Nachmanides (to Deut. 13:2) explains that an oht is a sign that is supposed to portend the fulfillment of a prophecy. For example, when a prophet predicts that if such-and-such will happen it will be a sign that something-or-other is true, then such-and-such is an oht which serves as a “sign” for the prophecy. Nachmanides further explains that the word oht (ALEPH-VAV-TAV) is related to the word for “coming” (ALEPH-TAV-HEY, or more commonly in its Aramaic form with a second ALEPH instead of the HEY), because it is a sign of things “to come.” The word mofet, on the other hand, denotes a “sign” that will come about in a miraculous way that bends the apparent rules of nature. Nachmanides explains that the word mofet is shorthand for muflat/niflah/pele (“wonderous”) with the LAMMED dropped for the sake of brevity.

Nonetheless, Nachmanides cites the Sifrei (to Num. 6:3) which explicitly notes that oht and mofet are the same thing. Nachmanides explains that this does not literally mean that the two words are true synonyms that bear the exact same meaning. Rather, it means that the two words refer to the same sort of phenomenon. Midrash Lekach Tov, also known as Pesikta Zutrata, cites the Sifrei,but adds that an oht is a “sign” about something in the future, and a mofet is a sign of something imminent. Rabbi Shlomo Aharon Wertheimer (1866-1935) explains that this is not a contradiction, because Midrash Lekach Tov understood that the Sifrei means that there is no difference between the two words in that they both mean “a sign”, but they can differ in the details as to when the implications of that sign are to manifest themselves.

Rabbi David Kimchi (1160-1235), also known as Radak, explains in Sefer HaShorashim that an oht is any type of “sign”, while a mofet refersspecifically to the type of “sign” whose purpose is to cause one to believe in something set for the future.
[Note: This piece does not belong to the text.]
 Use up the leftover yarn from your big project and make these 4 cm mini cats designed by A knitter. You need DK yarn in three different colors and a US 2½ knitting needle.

Rabbi Ovadiah Sforno (to Ex. 7:9) explains that when G-d sends someone to perform some sort of miraculous feat, then, depending on the purpose of the miracle, one of the two words in question will be used. If the purpose of the miracle is to relate a message about G-d, the term mofet is used. But, if the purpose of the message is to relate something about the messenger/medium, the term oht is used.

Rabbi Don Yitzchak Abarbanel (1437-1508) writes that some commentators claim that oht and mofet are synonyms that refer to supernatural phenomena. However, he disagrees with this understanding and explains that neither word refers to any supernatural wonders. Rather, both words refer to natural “signs”. An oht is a sign or symbol which can be within nature. For example, Gen. 1:14 reveals that the benefit of having a sun and moon is to serve as an oht for different periods of time. Moreover, tefillin is called an oht that symbolizes the Exodus, and the flags of each tribe had images which served as an oht that symbolized the tribe (see Num. 2:2). Abarbanel also notes that each letter of the alphabet is called an oht because that letter is a “sign” that represents a certain sound. All of these examples suggest that an oht can be a “sign” that lies within the confines of nature.
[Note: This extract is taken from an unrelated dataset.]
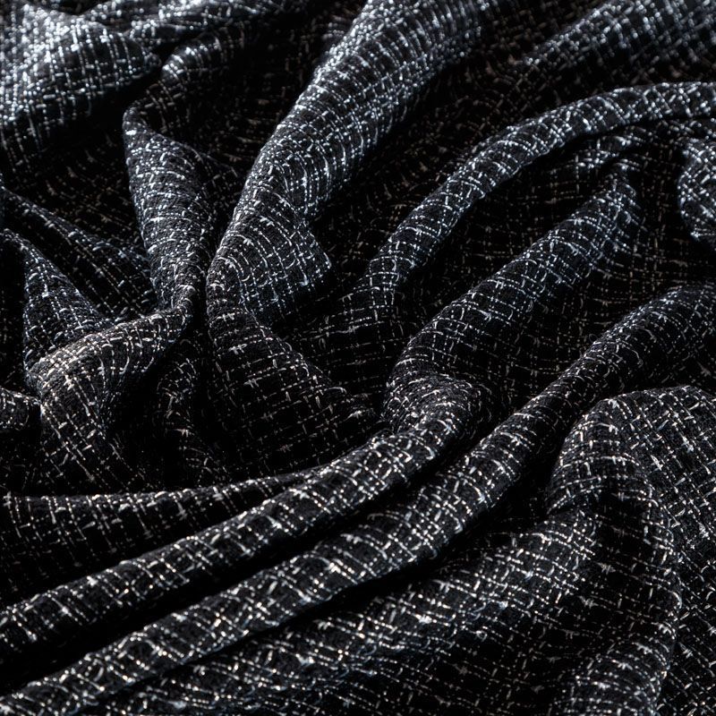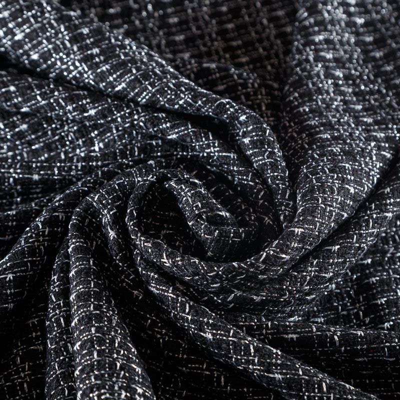 Мягкая, пластичная и объемная ткань, с разреженной и рельефной вывязанной структурой. Буклированный твид в стиле Шанель буквально соткан из различных по толщине и текстуре нитей, образующих рисунок в виде клетки. В плетение добавлена блестящая люрексная нить. Твид идеально подходит для пошива платьев, юбок, жакетов, легких пальто, эффектных бомберов и курток.

On the other hand, Abarbanel explains that a mofet refers to a non-physical “sign”, to a more abstract, logical argument. He explains that the word mofet is related to yofi (“beauty”) because the veracity of a logical argument lies in the beauty of its honesty. Indeed, the Radak in Sefer HaShorashim writes that the root of mofet is YUD-PEH-TAV.

The earliest person to use the mofet in this way was Rabbi Shmuel Ibn Tibbon (1150-1230), best known for having translated the works of Maimonides and others from Judeo-Arabic into Hebrew. He writes that mofet refers to a proof which conclusively proves a certain idea; while an oht refers to evidence which points in the direction of a certain idea, but does not conclusively prove it.

Malbim explains that an oht is any “sign” or “symbol” which is used to remind one of something that the sign symbolizes. A mofet, by contrast, is a supernatural “sign” which is used to remind one of G-d — the ultimate mover behind all natural and supernatural phenomena. Malbim simplifies this distinction by explaining that every mofet is an oht, but not every oht is a mofet. [Rabbi Shlomo Pappenheim (1740-1814) contrasts oht with eid, writing that an oht is simply a reminder, while an eid serves to remind and spur one into action.]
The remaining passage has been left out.